Price increases on personal expenditures for healthcare goods and services are at their lowest levels in nearly half a century, reported AHA News Now, but the data has been the subject of debate.
Alan Krueger, chairman of the President's Council for Economic Advisers, noted that prices rose a mere 1.1 percent during the 12 months ending in last May. Krueger attributed the dramatic spending slowdown to hospital and nursing home services, which rose 0.8 percent, and outpatient services, which rose 0.4 percent.
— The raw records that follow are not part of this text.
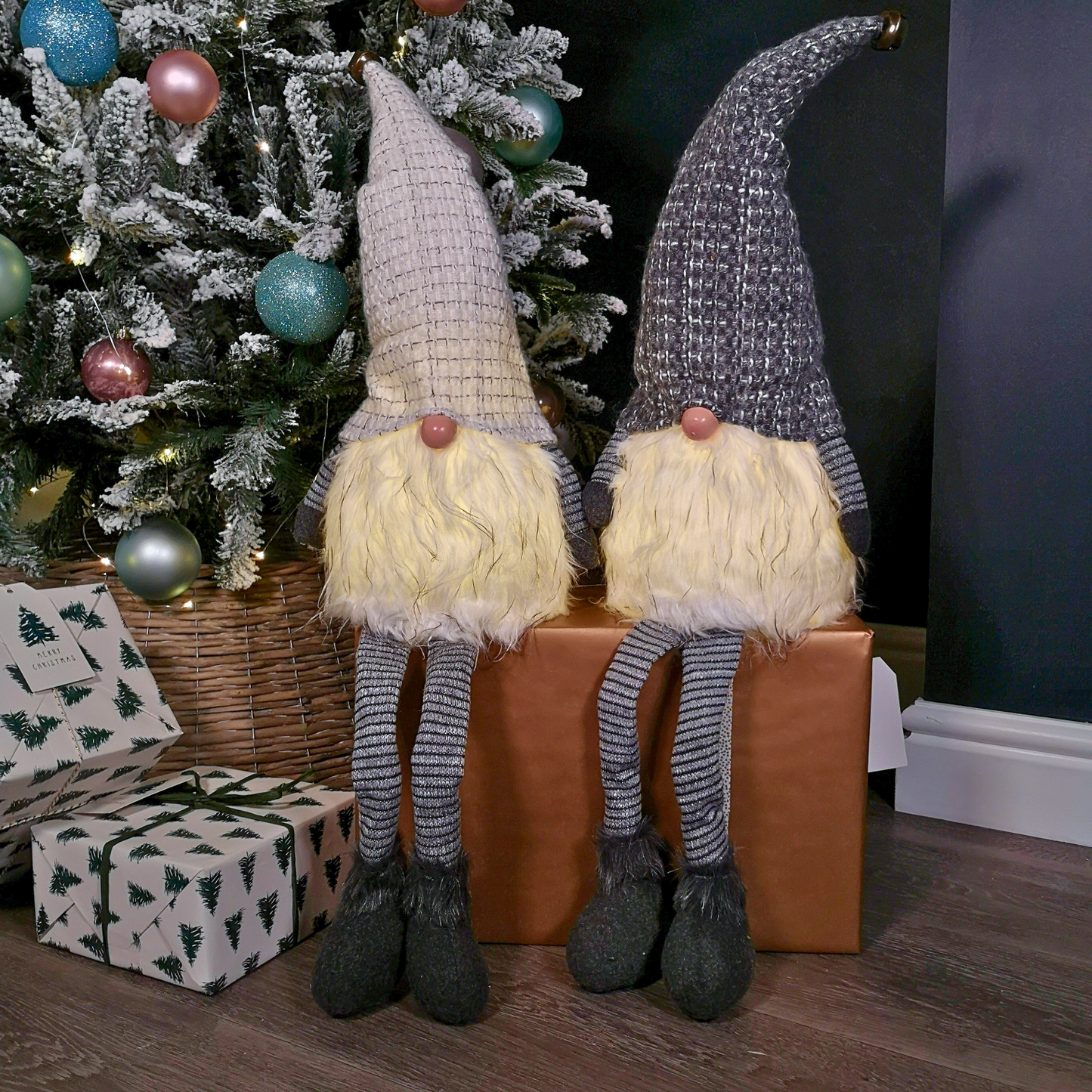 - 79cm Battery Operated Christmas Gonk with Dangly Legs Decoration in Light Grey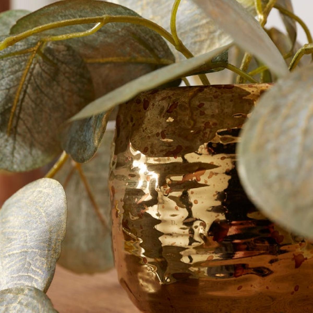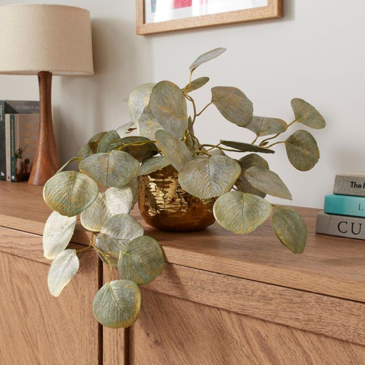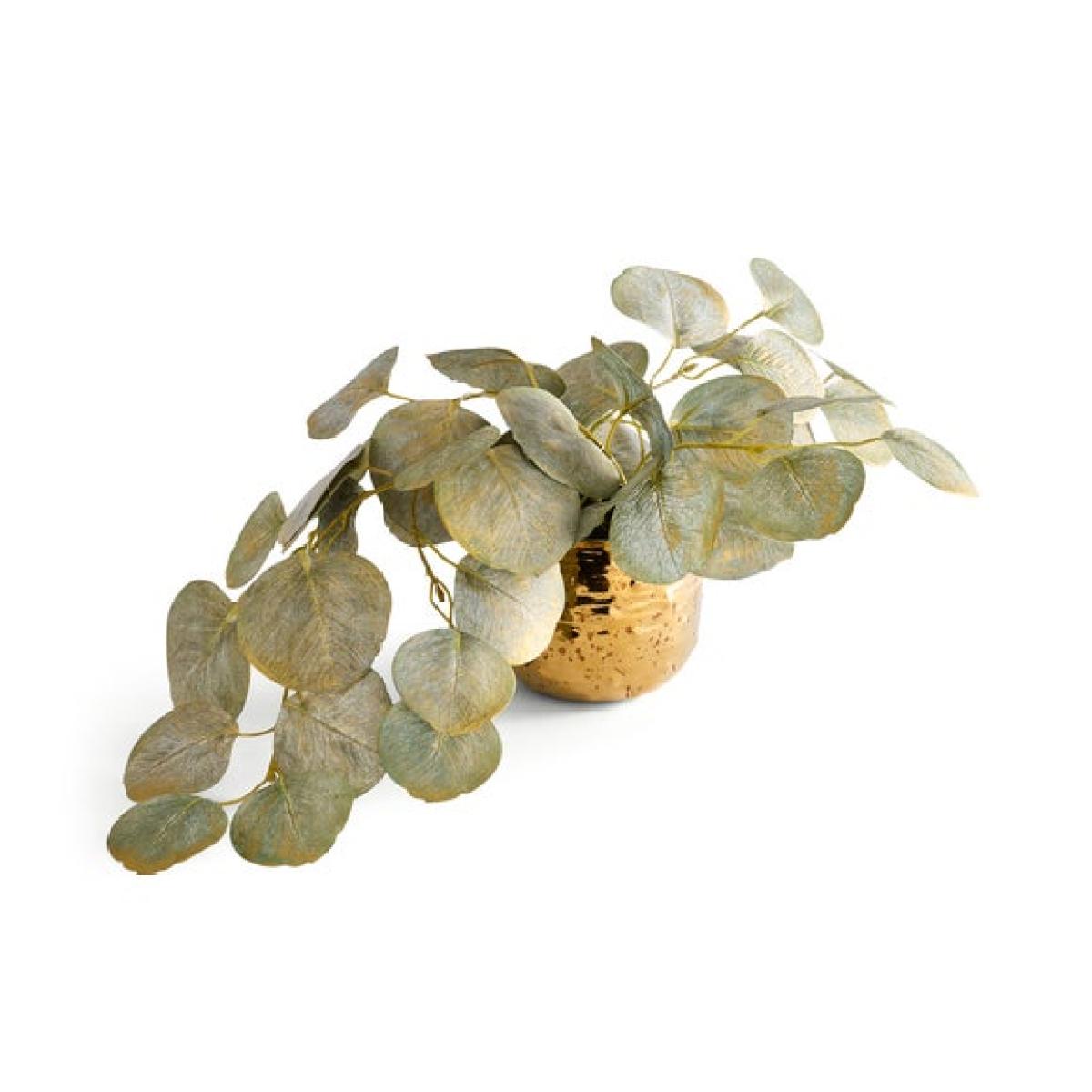 Artificial Trailing Metallic Eucalyptus in a Gold Plant Pot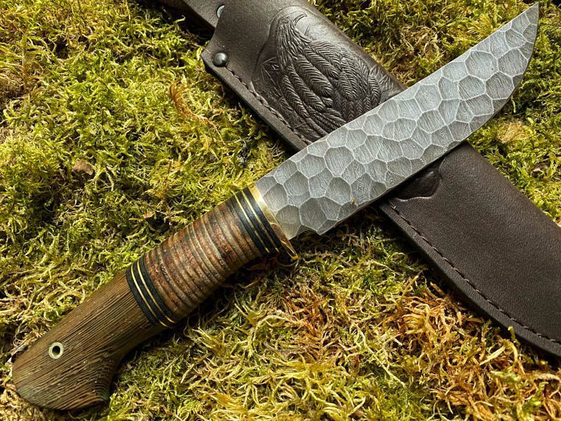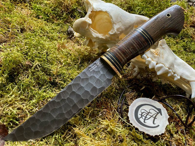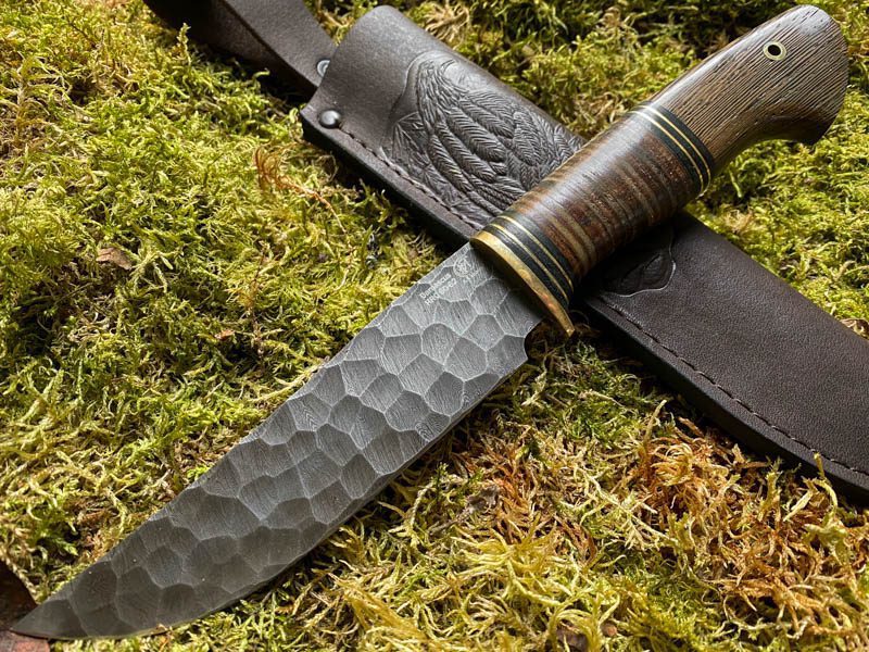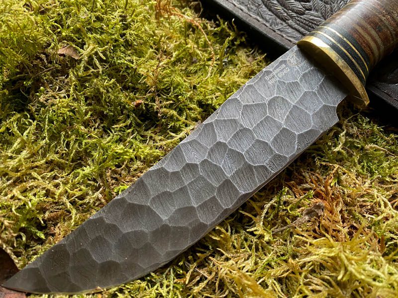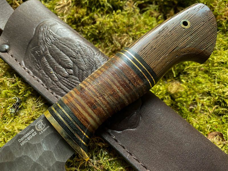 Teräs: Käsin taottu Damascus-teräksestä valmistettu metsästysveitsi, (HVG, U10, ShH15), 800 kerrosta, koristeelliset taontamerkinnät

Together, they total more than three-quarters of all healthcare expenditures.
According to the Los Angeles Times, it is only the second time since the mid-1960s that the cost of healthcare has risen more slowly than the general rate of inflation.
"A mounting body of research finds that structural changes are driving a substantial part of the recent slowdown in healthcare cost growth, suggesting that the trend may persist," Krueger wrote on the White House website. "Moreover, the fact that the slowdown in cost growth reflects changes in both prices and utilization of medical care--and that the slowdown is apparent in many different aspects of the health care system--further suggests that structural changes are underway."
Despite the analysis made by Krueger, the claims have come under fire from some quarters as part of a defensive tactic to blunt ongoing criticism of the Affordable Care Act, reported Medical Daily.
The Los Angeles Times observed that "the case has strengthened that the slowdown goes beyond a blip in the statistics and represents a significant shift. Now the debate is focused on whether the new law gets credit for the improvement."